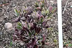 Eine Paeonia daurica subsp. mlokosewitschii im frühen Frühling
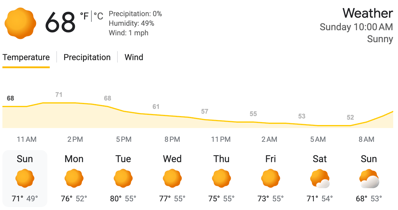 As of Sunday 12-07-2025 | (Source: Google Weather)
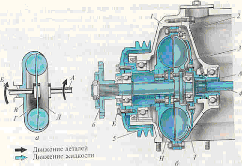 Рис. Гидромуфта, а – принцип действия; б – устройство, 1 – крышка блока цилиндров, 2 – корпус, 3 – кожух, 4 – валик привода, 5 – шкив, 6 – ступица вентилятора, А – ведущий вал, Б – ведомый вал, В – кожух, Г, Д – сосуды, Т – турбинное колесо, Н – насосное колесо.

▶ _Action item_
Your reply should consist of the data, transcribed exactly, and should hold no pictures.

▶ _Solution to this exercise_
 Eine Paeonia daurica subsp. mlokosewitschii im frühen Frühling
 As of Sunday 12-07-2025 | (Source: Google Weather)
 Рис. Гидромуфта, а – принцип действия; б – устройство, 1 – крышка блока цилиндров, 2 – корпус, 3 – кожух, 4 – валик привода, 5 – шкив, 6 – ступица вентилятора, А – ведущий вал, Б – ведомый вал, В – кожух, Г, Д – сосуды, Т – турбинное колесо, Н – насосное колесо.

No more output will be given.